View 2009-11-07 HNF MTB Camping Trip 2 18-20-19 in a larger map

As we left our campsite, we heard owls hooting some more. We pedaled down the gravel road briefly, and all was quiet except the crunch of the gravel beneath our tires and the whooshing sound of the wind blowing through the pines. We turned onto trail 18, but not the same portion we rode earlier in the day. This section, we had ridden a few times in the past.

On the trail, the surface was gravel, briefly, before changing to dirt. As before, everything was covered in several inches of leaves. Once the gravel ended, the trail conditions varied, with some smooth, dry sections, and some muddy ones.

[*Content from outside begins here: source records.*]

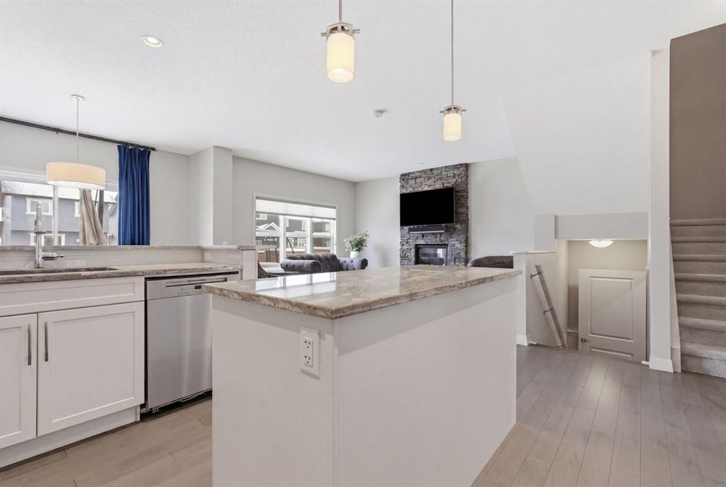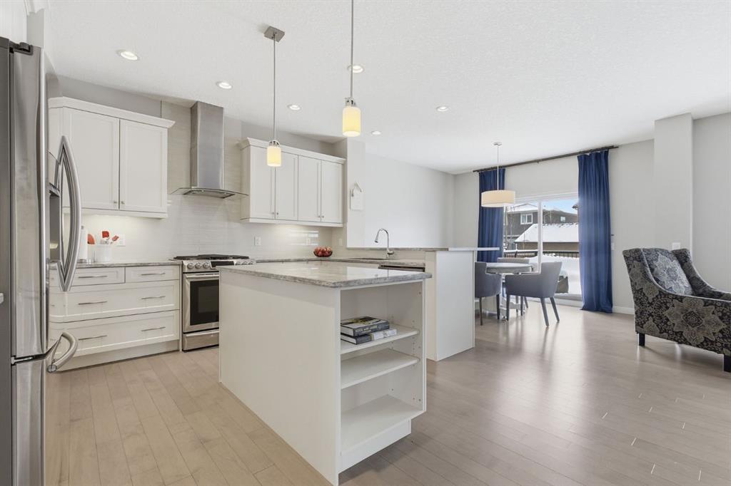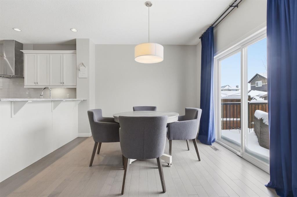 Step inside to a bright and inviting main floor where large windows fill the space with natural light. The open-concept layout is anchored by a stunning white kitchen featuring quartz-style counters, stainless steel appliances, a large central island, pantry, and plenty of cabinetry. Whether hosting friends or managing busy mornings, this kitchen was designed to be both beautiful and practical. The adjacent dining area opens onto the spacious 16′ x 13′ east-facing rear deck, the perfect place to enjoy your morning coffee while taking in the sunrise. A spacious living room, 2-piece powder room, and welcoming front entry complete the main level.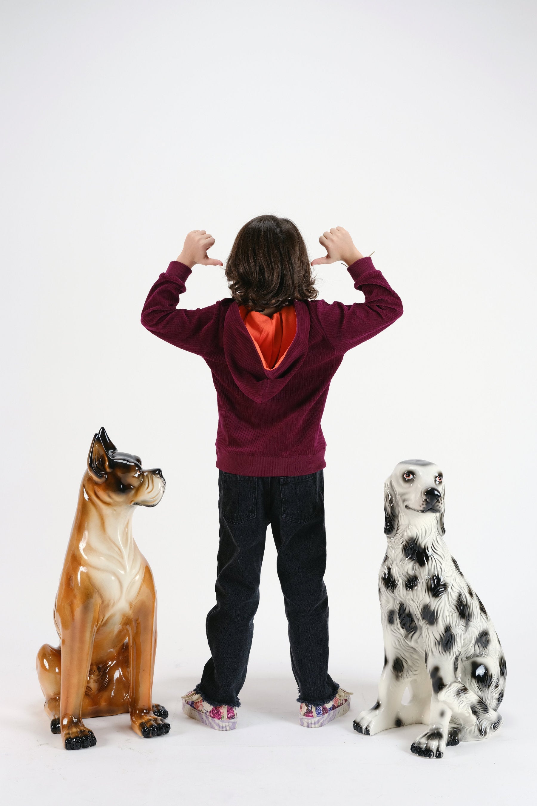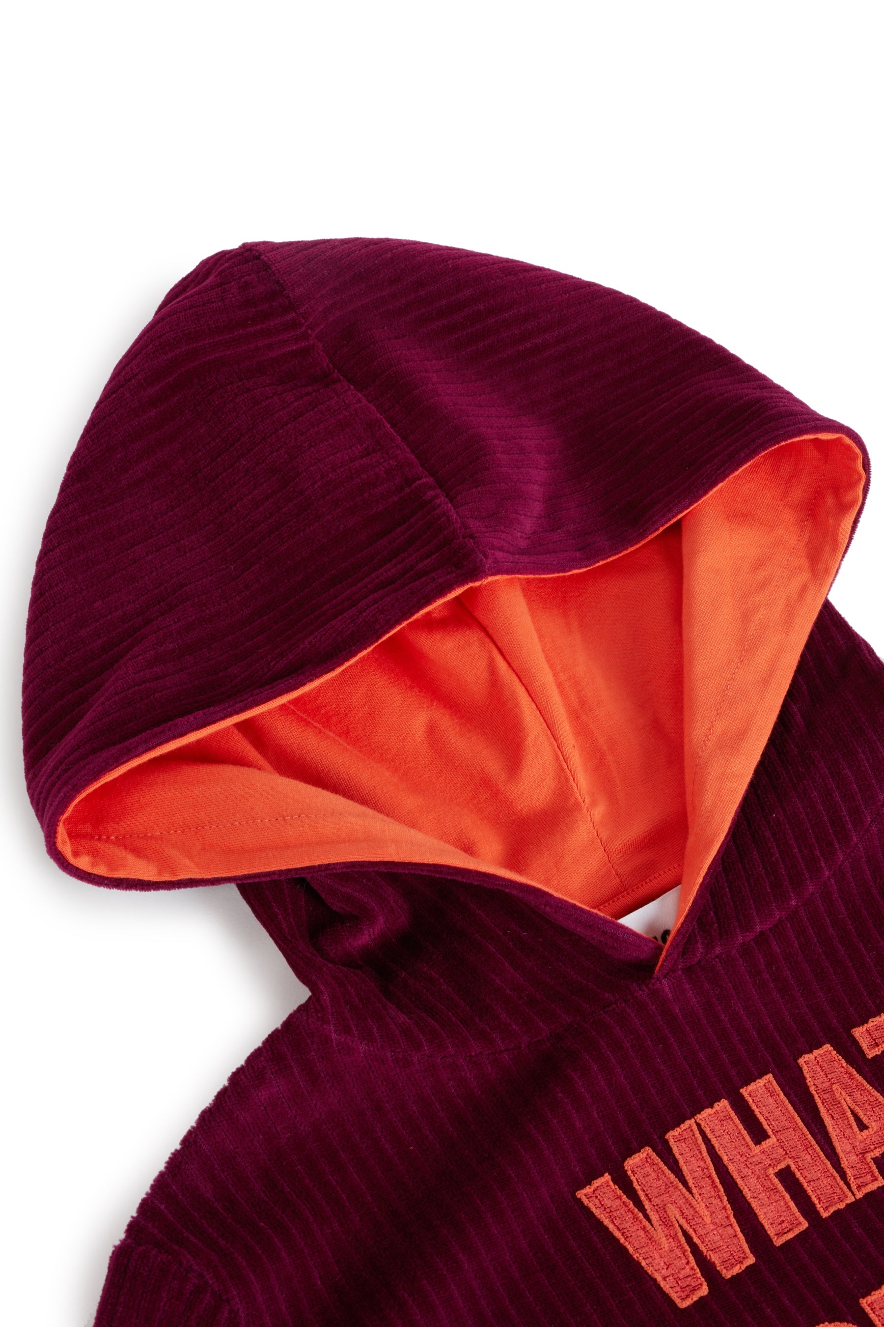 Long sleeved sweatshirt, with hoodie (with contrasted inner lining), canguru pocket, and print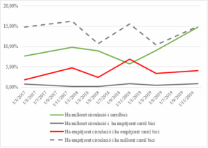 Gràfica 3: Evolució de la percepció de millora i empitjorament del carril bici i la circulació.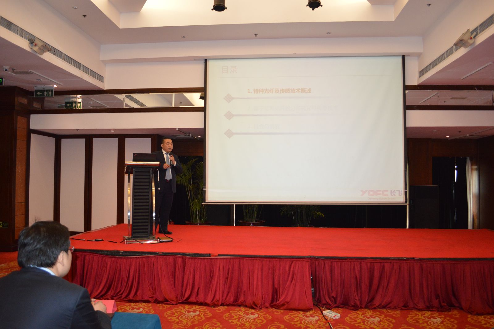 短暫的茶歇結(jié)束之后,由國內(nèi)光纖光纜龍頭企業(yè)長飛公司的特種產(chǎn)品事業(yè)部總經(jīng)理童維軍為大家?guī)怼豆饫w傳感用特種光纖》的演講。
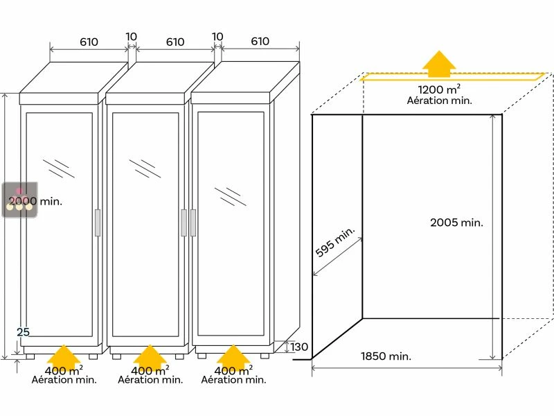 Cette cave peut être installée dans une pièce dont la température sera comprise entre 10 et 32°C.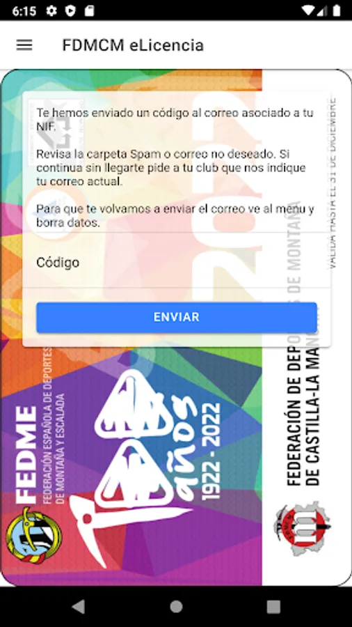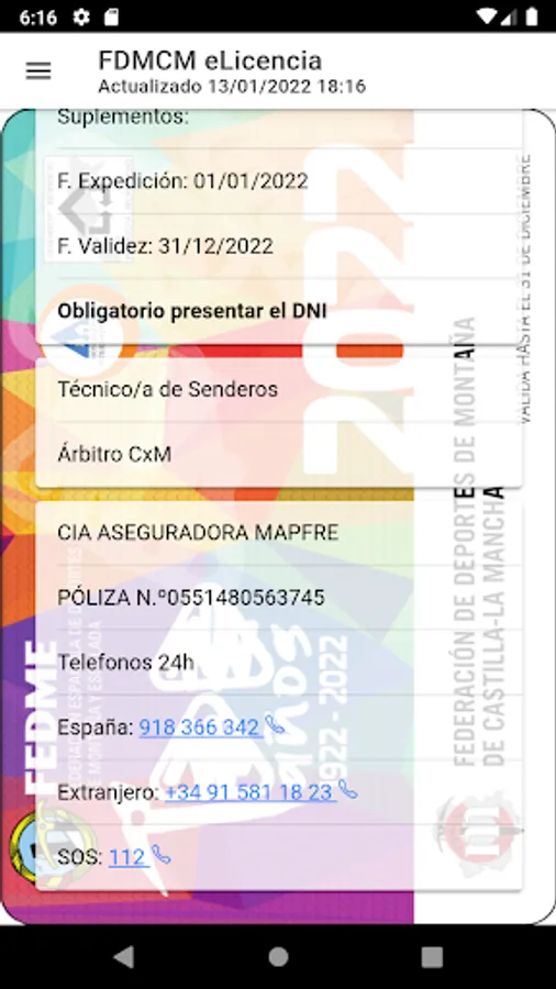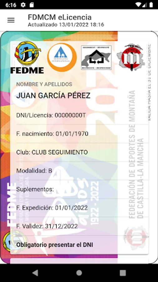 Virtual federative card of the Mountain Sports Federation of Castilla-La Mancha.
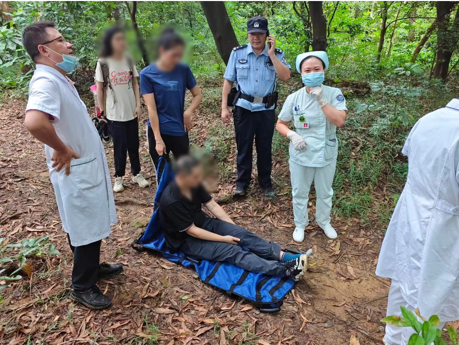 9月14日早上,王先生一家三口抵达西樵山,开始了他们的徒步之旅。然而,在返回途中,王先生却不慎踩到了一块湿滑的石头,摔倒在地,导致左脚脚踝肿胀疼痛不已,无法行走。面对陡峭湿滑的山路,王先生妻女尝试搀扶其下山,但因王先生身形较为高大,两人难以支撑其行走。无奈之下,他们只能报警求助。
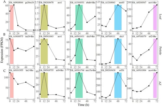 To verify the DEGs’ response to TDZ treatment, several genes involved in the plant hormone pathway were selected to detect their expressing change by using FPKM in leaf (Figure 4A), petiole (Figure 4B), and AZ (Figure 4C) at indicated time points after TDZ treatment. Auxin transport gene GhLAX2 (Gh_A01G1955), gibberellin biosynthesis gene GhGA20ox1 (Gh_A09G0044), and auxin signaling gene GhIAA26 (Gh_A10G0575) [,], were highly expressed before TDZ treatment in all the tissues. Auxin signaling gene GhARF4 (Gh_D05G0755) and ethylene biosynthesis genes GhACO1 (Gh_D02G0478) and GhACO2 (Gh_D05G1663) [], were highly expressed at 12 h after TDZ treatment in all the tissues. Auxin signaling gene GhAUX15a (Gh_A03G1766), abscisic acid metabolism gene GhABAH4 (Gh_A13G0351), and cytokinin metabolism gene GhCKX5 (Gh_A05G1631) [], were highly expressed at 24 h after TDZ treatment in all the tissues. Ethylene signaling gene GhERF1b (Gh_D02G0430), auxin signaling gene GhAUX85 (Gh_A12G0043), and cytokinin metabolism gene GhCKX3 (Gh_A07G0111), were highly expressed at 48 h after TDZ treatment in all the tissues. Ethylene biosynthesis genes GhACO4 (Gh_A03G1004) and GhACO3 (Gh_A02G0367), and ethylene signaling gene GhERF2 (Gh_A07G0379), were highly expressed at 72 h after TDZ treatment in all the tissues. Most of the gene expressing patterns selected here were consistent with previous reports [,]. To further validate the quality of the gene expression profiles, a total of 6 transcripts were randomly selected in AZ to compare the FPKM values and RT-qPCR data. The results showed that both of them largely corresponded to each other (cor > 0.58, average cor = 0.72) (Figure S2).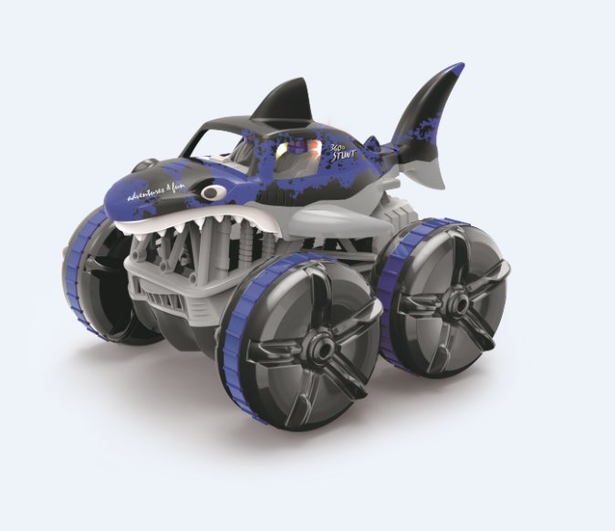 Auto na dálkové ovládání, které jezdí nejen po zemi, ale i po vodě. Ani neupravený terén mu nedělá problémy. Auto jezdí všemi směry a při jízdě mu barevně svítí kabina. Zadní ploutev se při jízdě ve vodě hýbe a vypadá to jako, když plave žralok. Nabíjení cca 4 hodiny, doba jízdy cca 20 minut. frekvence 2,4 Ghz. Auto dokáže stoupat až 45 stupňů. Umí rotace 360 stupňů na místě.
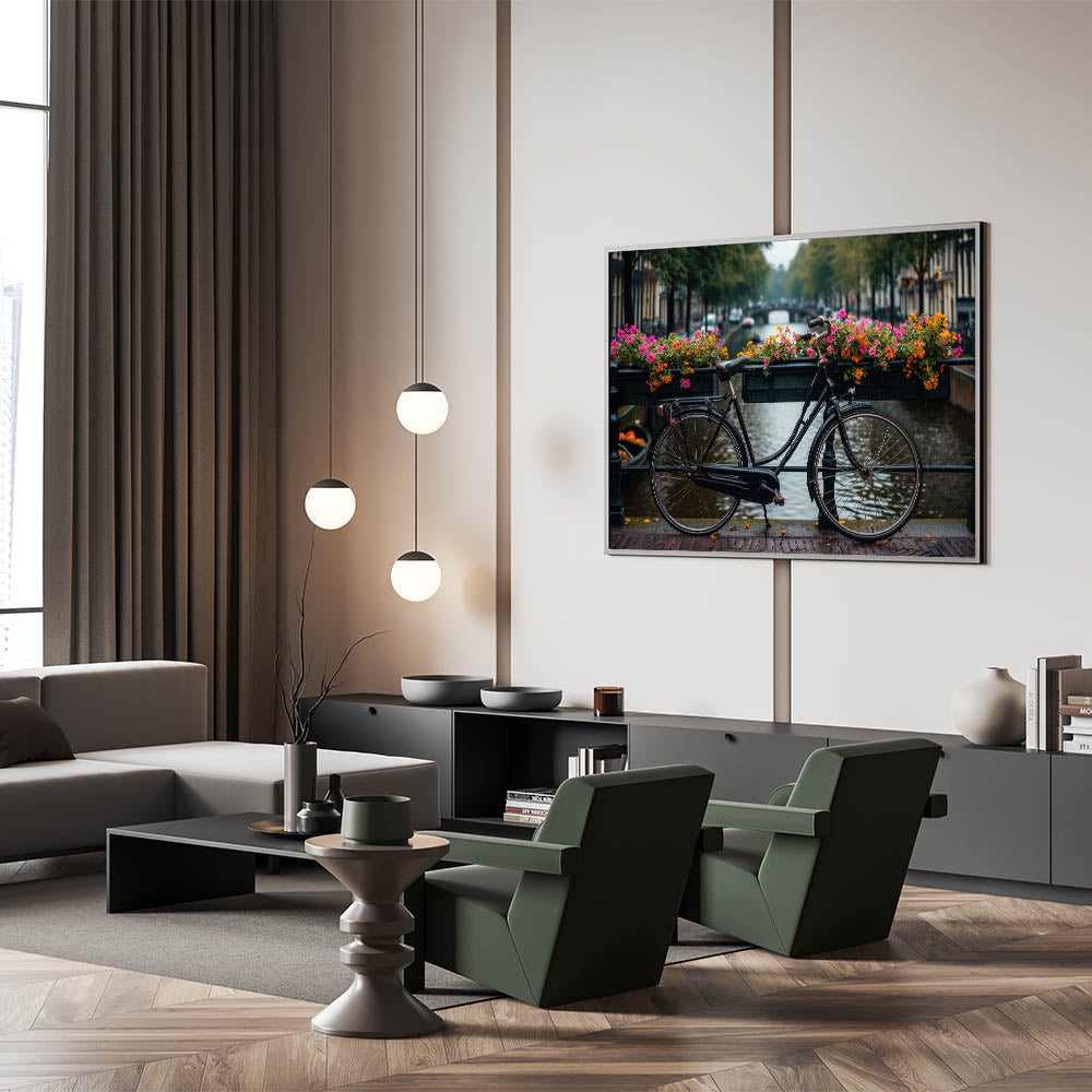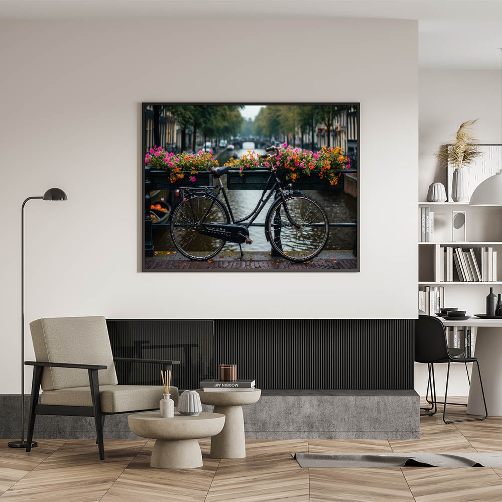 Capture the charm of a serene urban scene with this vintage bicycle wall art featuring a classic bicycle parked against a picturesque canal bridge adorned with vibrant flowers. This bicycle art collection piece blends the beauty of nature with urban life, making it an ideal choice for those who appreciate both the outdoors and the bustling energy of city landscapes. The vivid colors of the flowers contrast beautifully with the sleek lines of the bicycle, creating a visually captivating composition.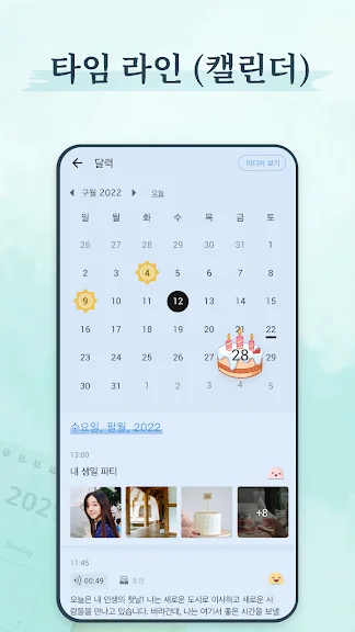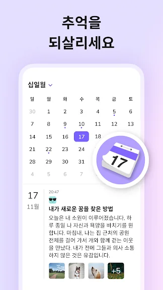 캘린더: 꼬박일기로 중요한 날짜를 쉽게 찾아보고, 캘린더를 통해 특별한 이벤트나 기념일을 기억하세요.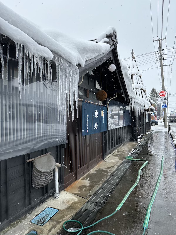 県内でも一番寒いと言われる米沢に蔵はあります。氷柱がなんとも言えない風情を感じました。朝の9時です。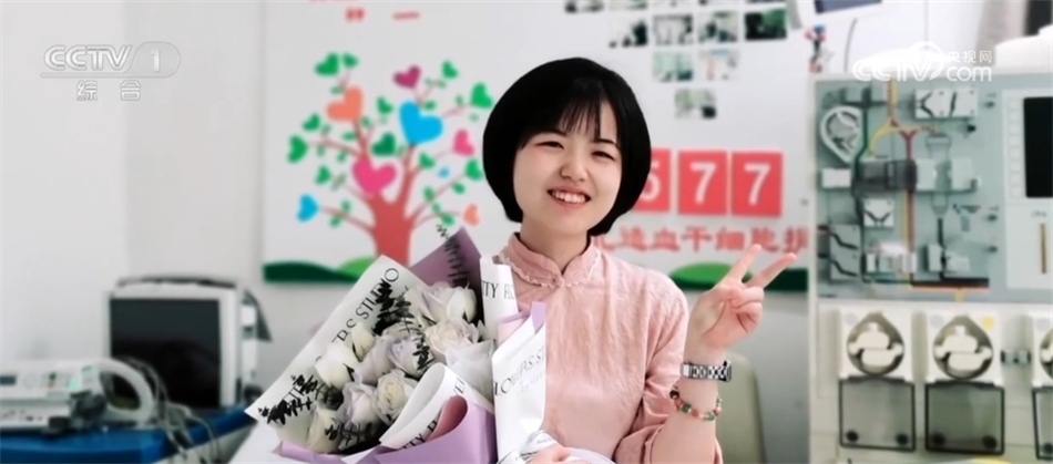 畢業(yè)前夕,余書婷順利捐出了200毫升的造血干細(xì)胞混懸液。從醫(yī)學(xué)生到醫(yī)生,記不清熬過多少夜、流過多少淚,但是她總記得治愈出院小朋友們開心的笑容。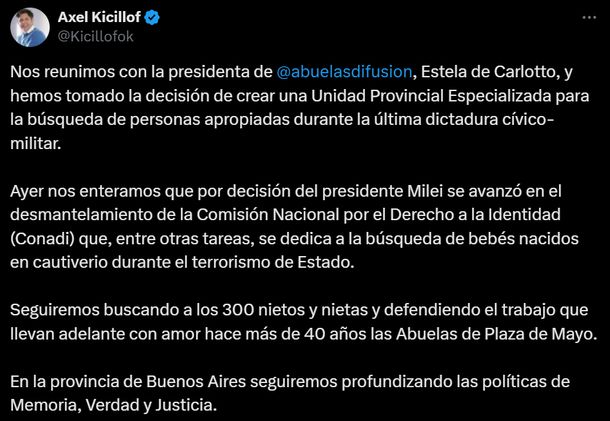 El gobernador se reunió con la presidenta de Abuelas de Mayo, Estela de Carlotto, y le propuso crear la nueva área. “Seguiremos buscando a los 300 nietos y nietas y defendiendo el trabajo que llevan adelante con amor hace más de 40 años las Abuelas de Plaza de Mayo”, escribió en sus redes sociales.“En la provincia de Buenos Aires seguiremos profundizando las políticas de Memoria, Verdad y Justicia”, detalló Kicillof.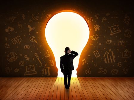 Business man looking at bright light bulb in the wall concept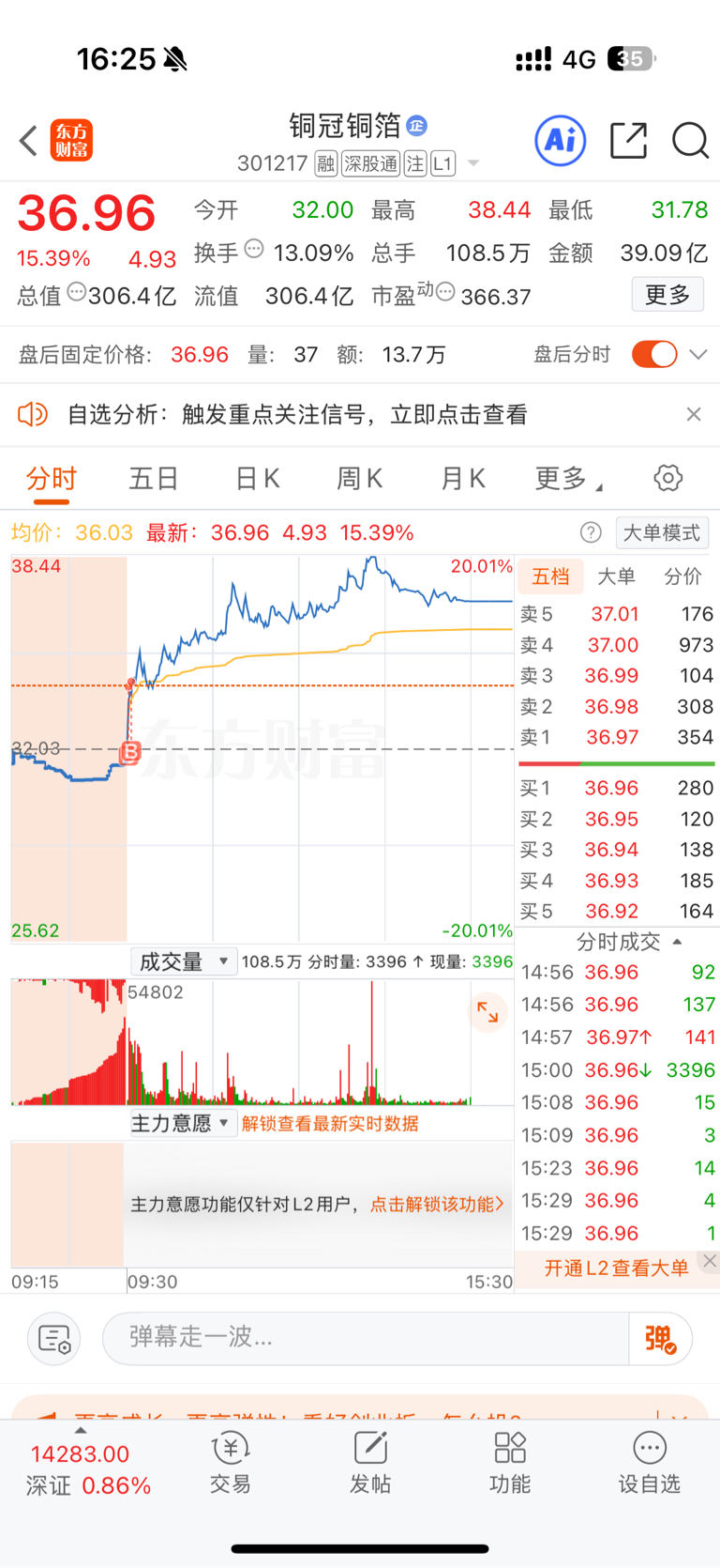 $铜冠铜箔(SZ301217)$ 昨天追高 今天赚20个点

This trail normally features a blistering descent, but between the mud and the leaves and the fact that it was dark outside, it was slow going, and required a lot more effort than usual just to keep moving — even when going downhill. It was still fun, and we really appreciated the few places we were able to coast. Did I mention it was dark? The moon hadn’t come out yet, unlike some night rides/hikes of the past couple of weeks.

After we reached the bottom of the long hill, we rode through creek bottoms for a while, where trail conditions were better than we expected. We had to push our bikes up part of the long, steep, eroded climb up to the intersection with trail 20.

Normally, the descent on trail 18 is the highlight of this ride. But this time around, trail 20 was the star of the show; it was in better shape, and its twists and turns were a lot of fun in the dark. I led for a while, and was doing well until I missed a turn and suddenly, the trail just ended. I had to slam on my brakes in order to avoid riding into some trees. We laughed it off and backtracked to the proper trail.

This ride was very different from our earlier one. We were more focused on riding, and there was less conversation. This also allowed us to really take in the sounds of the forest: once again, the pines … more owls … a few unidentified noises. But mostly just leaves rustling in the wind and being trampled by our tires. The moon never really did come out while we were riding, but the stars were fantastic, and a planet (venus, I think) looked quite bright. Not bright enough to light our way, but it was a very bright dot in the night sky.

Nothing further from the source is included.